Start of AVAILABLE DATA

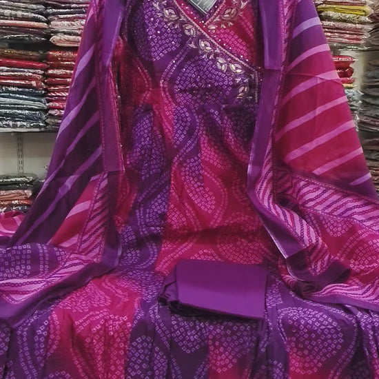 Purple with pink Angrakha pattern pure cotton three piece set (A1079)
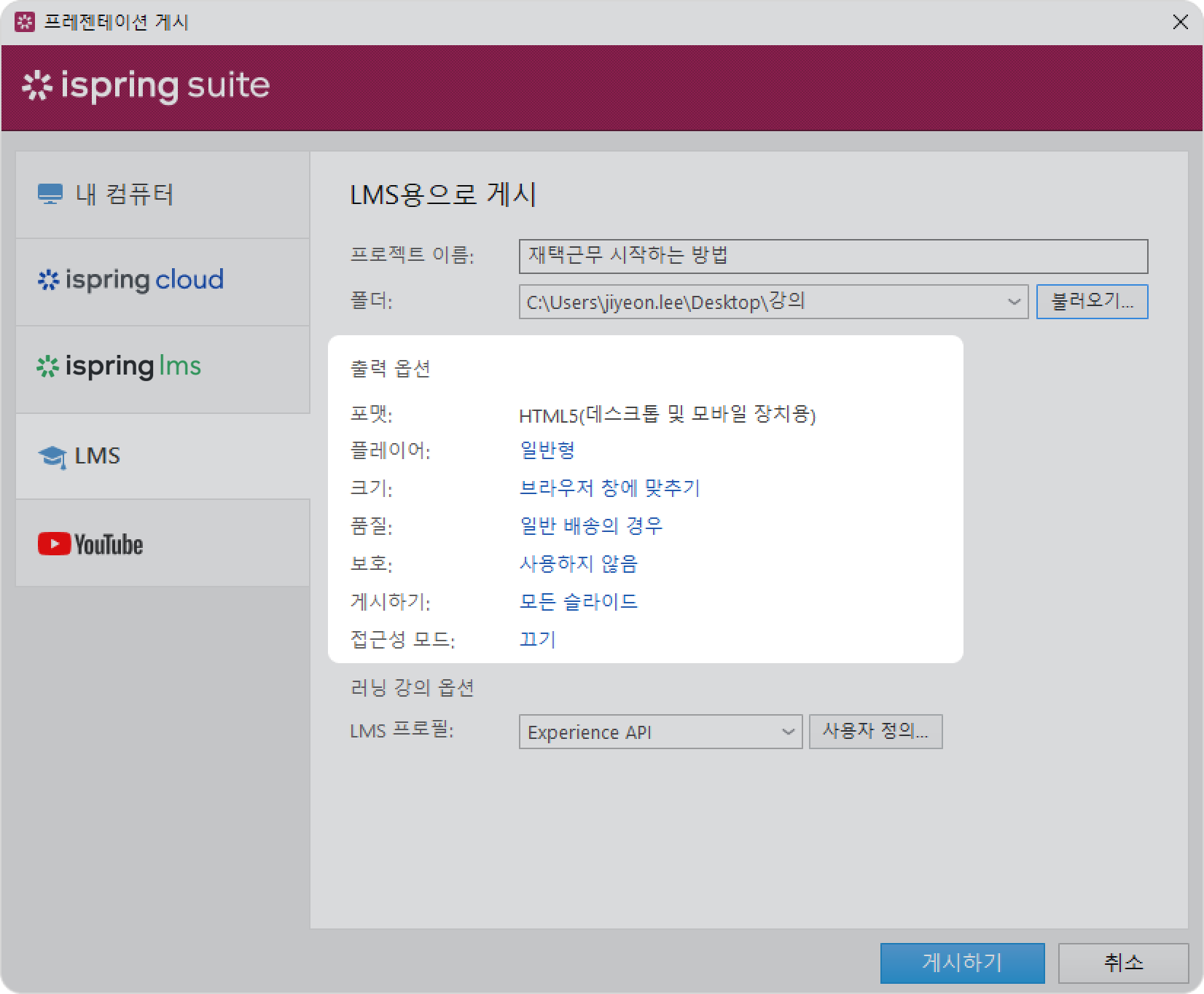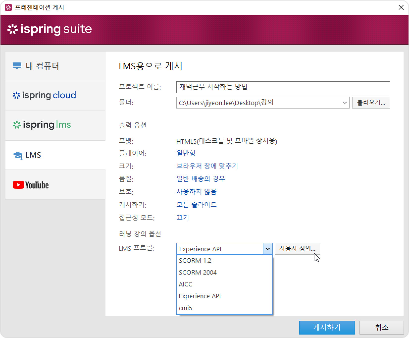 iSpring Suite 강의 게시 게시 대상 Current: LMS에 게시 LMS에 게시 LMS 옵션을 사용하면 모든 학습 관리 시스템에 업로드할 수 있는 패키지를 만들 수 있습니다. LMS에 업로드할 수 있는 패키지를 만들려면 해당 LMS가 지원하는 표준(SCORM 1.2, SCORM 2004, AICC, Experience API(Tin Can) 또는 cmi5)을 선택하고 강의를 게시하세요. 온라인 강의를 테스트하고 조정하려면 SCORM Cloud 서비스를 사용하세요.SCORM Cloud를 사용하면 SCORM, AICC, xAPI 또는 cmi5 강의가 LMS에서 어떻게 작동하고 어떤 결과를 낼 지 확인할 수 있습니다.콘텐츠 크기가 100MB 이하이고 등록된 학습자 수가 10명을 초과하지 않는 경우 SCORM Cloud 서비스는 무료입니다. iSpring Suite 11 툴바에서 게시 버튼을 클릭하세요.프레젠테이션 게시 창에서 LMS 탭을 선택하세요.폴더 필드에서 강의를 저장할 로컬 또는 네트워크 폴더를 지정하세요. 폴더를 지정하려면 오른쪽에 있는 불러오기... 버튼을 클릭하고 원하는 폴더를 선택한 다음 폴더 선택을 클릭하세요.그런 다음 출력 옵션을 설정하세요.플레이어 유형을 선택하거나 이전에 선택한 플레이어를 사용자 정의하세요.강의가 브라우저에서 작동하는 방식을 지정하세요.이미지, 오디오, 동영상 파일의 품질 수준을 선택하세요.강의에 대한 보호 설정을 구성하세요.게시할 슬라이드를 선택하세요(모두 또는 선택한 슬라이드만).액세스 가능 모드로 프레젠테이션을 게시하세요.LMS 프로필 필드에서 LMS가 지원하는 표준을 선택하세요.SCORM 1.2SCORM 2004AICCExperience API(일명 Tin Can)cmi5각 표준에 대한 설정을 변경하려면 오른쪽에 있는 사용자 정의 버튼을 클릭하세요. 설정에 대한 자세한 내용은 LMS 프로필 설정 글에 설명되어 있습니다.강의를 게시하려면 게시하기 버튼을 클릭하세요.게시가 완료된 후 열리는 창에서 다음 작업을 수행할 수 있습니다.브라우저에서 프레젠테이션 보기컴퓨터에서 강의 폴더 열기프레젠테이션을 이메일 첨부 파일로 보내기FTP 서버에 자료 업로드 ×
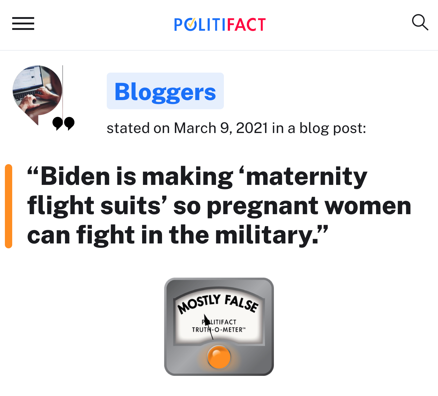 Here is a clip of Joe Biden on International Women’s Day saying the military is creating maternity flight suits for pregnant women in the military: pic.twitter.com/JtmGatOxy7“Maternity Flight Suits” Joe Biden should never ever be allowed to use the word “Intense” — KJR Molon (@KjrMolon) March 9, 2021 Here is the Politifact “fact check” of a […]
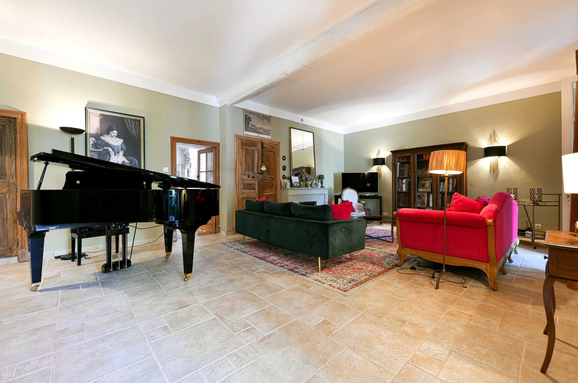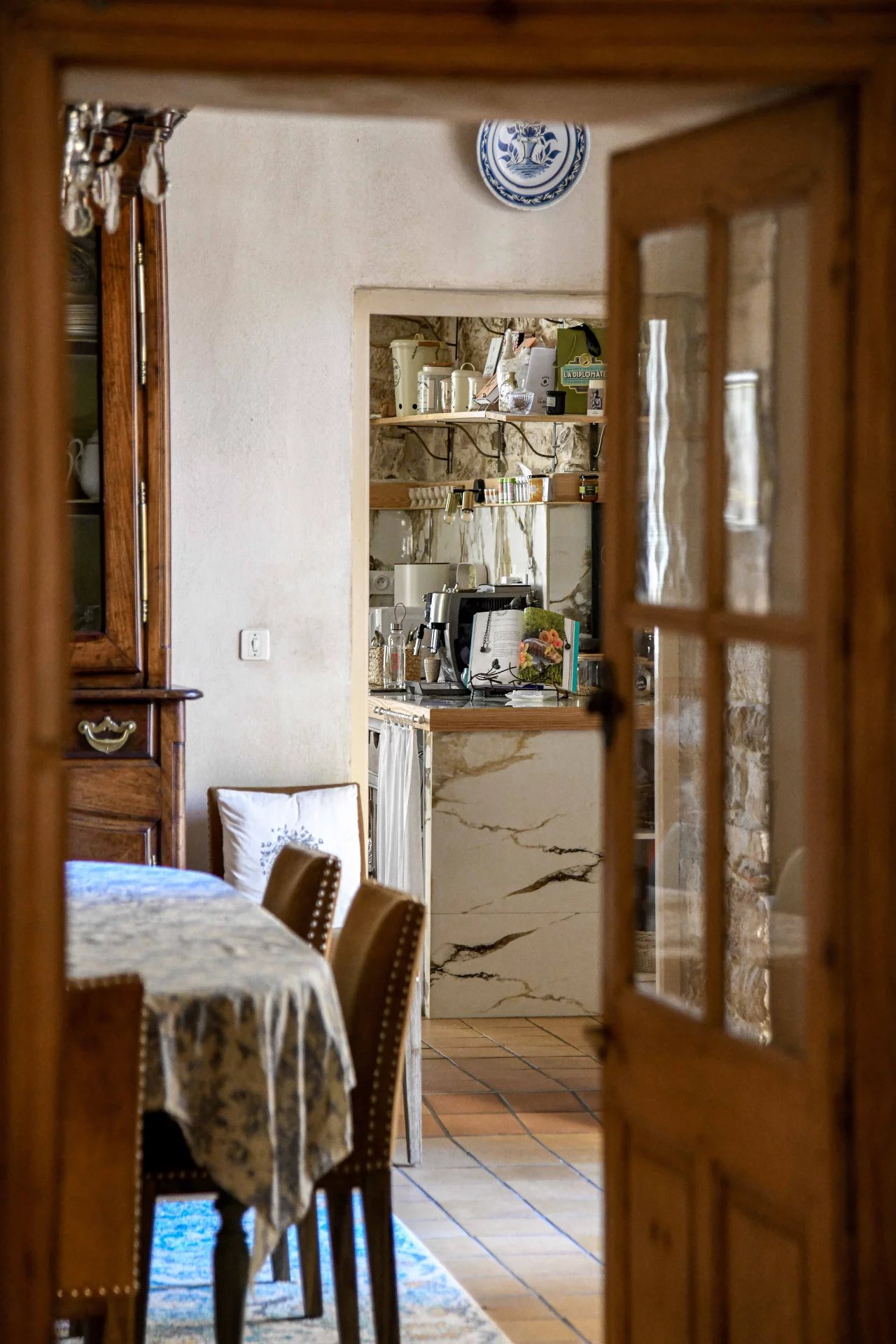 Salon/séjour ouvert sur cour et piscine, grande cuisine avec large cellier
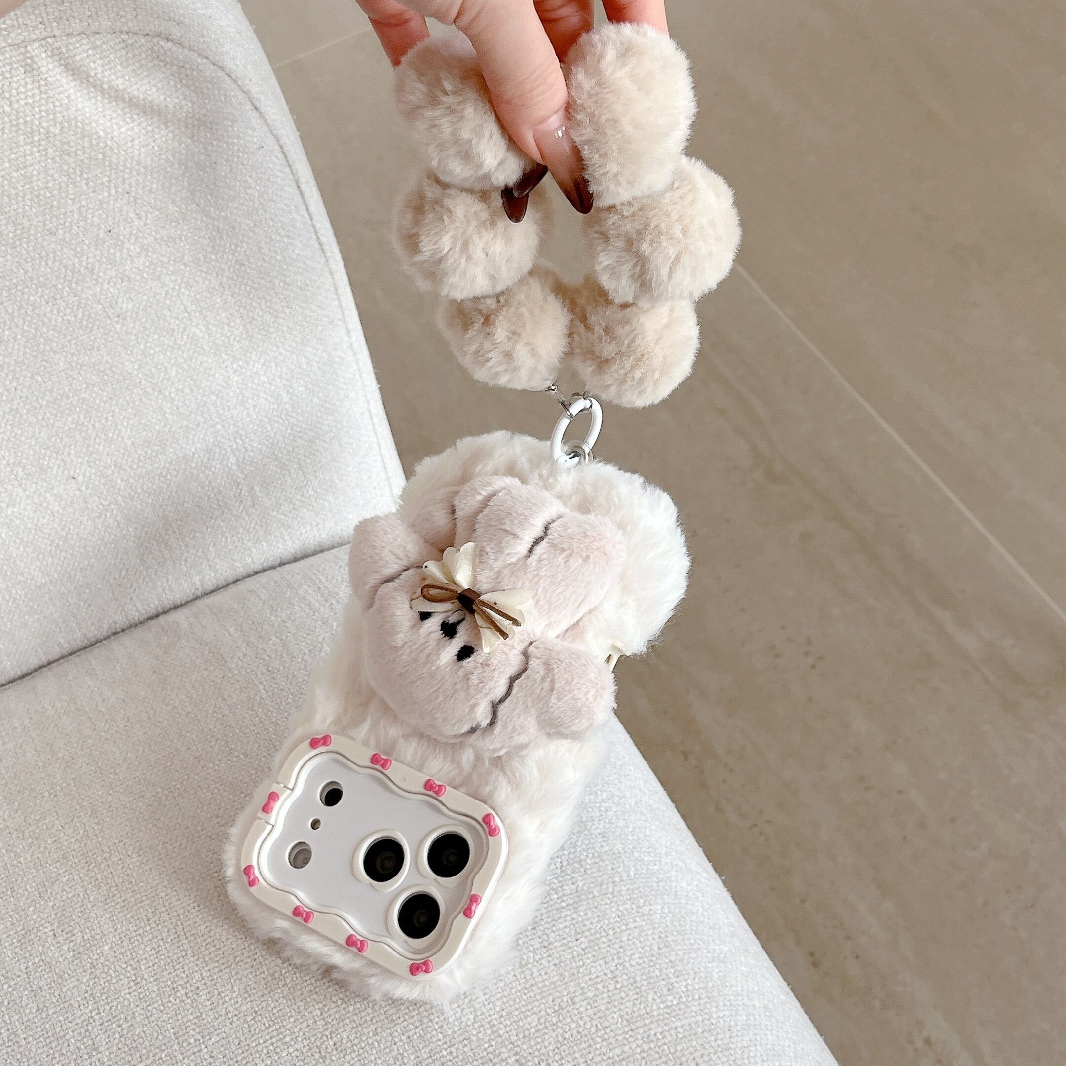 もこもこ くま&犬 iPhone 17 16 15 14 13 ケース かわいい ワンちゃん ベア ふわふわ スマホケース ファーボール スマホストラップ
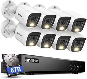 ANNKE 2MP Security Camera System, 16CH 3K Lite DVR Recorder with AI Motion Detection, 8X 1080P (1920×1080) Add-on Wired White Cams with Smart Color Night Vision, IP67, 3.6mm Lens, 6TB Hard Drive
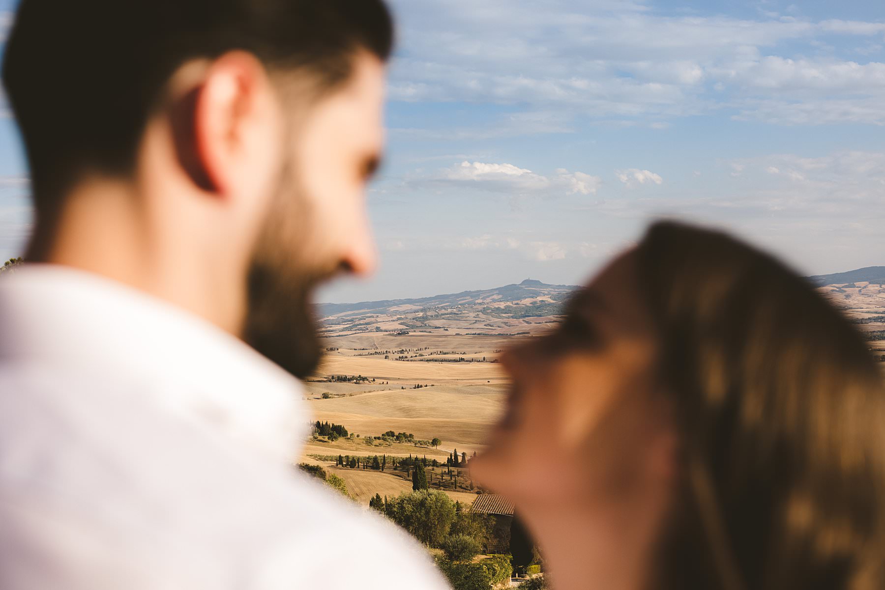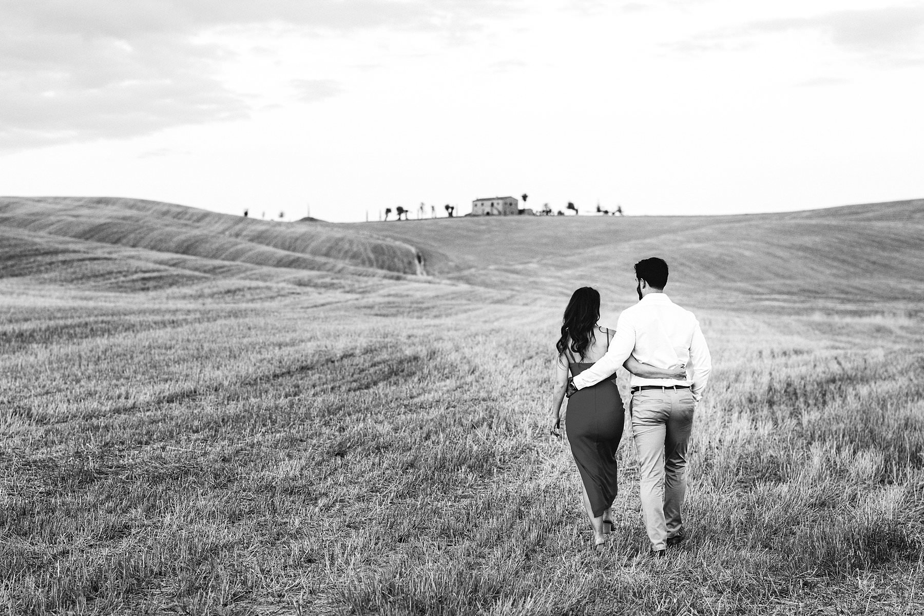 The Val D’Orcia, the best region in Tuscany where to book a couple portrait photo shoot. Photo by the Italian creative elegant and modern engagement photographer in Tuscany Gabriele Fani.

End of AVAILABLE DATA

■ **TO DO**: Send back the listing exactly as it stands. Do not include the pictures.

■ **TASK RESULT**:
 Purple with pink Angrakha pattern pure cotton three piece set (A1079)
 iSpring Suite 강의 게시 게시 대상 Current: LMS에 게시 LMS에 게시 LMS 옵션을 사용하면 모든 학습 관리 시스템에 업로드할 수 있는 패키지를 만들 수 있습니다. LMS에 업로드할 수 있는 패키지를 만들려면 해당 LMS가 지원하는 표준(SCORM 1.2, SCORM 2004, AICC, Experience API(Tin Can) 또는 cmi5)을 선택하고 강의를 게시하세요. 온라인 강의를 테스트하고 조정하려면 SCORM Cloud 서비스를 사용하세요.SCORM Cloud를 사용하면 SCORM, AICC, xAPI 또는 cmi5 강의가 LMS에서 어떻게 작동하고 어떤 결과를 낼 지 확인할 수 있습니다.콘텐츠 크기가 100MB 이하이고 등록된 학습자 수가 10명을 초과하지 않는 경우 SCORM Cloud 서비스는 무료입니다. iSpring Suite 11 툴바에서 게시 버튼을 클릭하세요.프레젠테이션 게시 창에서 LMS 탭을 선택하세요.폴더 필드에서 강의를 저장할 로컬 또는 네트워크 폴더를 지정하세요. 폴더를 지정하려면 오른쪽에 있는 불러오기... 버튼을 클릭하고 원하는 폴더를 선택한 다음 폴더 선택을 클릭하세요.그런 다음 출력 옵션을 설정하세요.플레이어 유형을 선택하거나 이전에 선택한 플레이어를 사용자 정의하세요.강의가 브라우저에서 작동하는 방식을 지정하세요.이미지, 오디오, 동영상 파일의 품질 수준을 선택하세요.강의에 대한 보호 설정을 구성하세요.게시할 슬라이드를 선택하세요(모두 또는 선택한 슬라이드만).액세스 가능 모드로 프레젠테이션을 게시하세요.LMS 프로필 필드에서 LMS가 지원하는 표준을 선택하세요.SCORM 1.2SCORM 2004AICCExperience API(일명 Tin Can)cmi5각 표준에 대한 설정을 변경하려면 오른쪽에 있는 사용자 정의 버튼을 클릭하세요. 설정에 대한 자세한 내용은 LMS 프로필 설정 글에 설명되어 있습니다.강의를 게시하려면 게시하기 버튼을 클릭하세요.게시가 완료된 후 열리는 창에서 다음 작업을 수행할 수 있습니다.브라우저에서 프레젠테이션 보기컴퓨터에서 강의 폴더 열기프레젠테이션을 이메일 첨부 파일로 보내기FTP 서버에 자료 업로드 ×
 Here is a clip of Joe Biden on International Women’s Day saying the military is creating maternity flight suits for pregnant women in the military: pic.twitter.com/JtmGatOxy7“Maternity Flight Suits” Joe Biden should never ever be allowed to use the word “Intense” — KJR Molon (@KjrMolon) March 9, 2021 Here is the Politifact “fact check” of a […]
 Salon/séjour ouvert sur cour et piscine, grande cuisine avec large cellier
 もこもこ くま&犬 iPhone 17 16 15 14 13 ケース かわいい ワンちゃん ベア ふわふわ スマホケース ファーボール スマホストラップ
 ANNKE 2MP Security Camera System, 16CH 3K Lite DVR Recorder with AI Motion Detection, 8X 1080P (1920×1080) Add-on Wired White Cams with Smart Color Night Vision, IP67, 3.6mm Lens, 6TB Hard Drive
 The Val D’Orcia, the best region in Tuscany where to book a couple portrait photo shoot. Photo by the Italian creative elegant and modern engagement photographer in Tuscany Gabriele Fani.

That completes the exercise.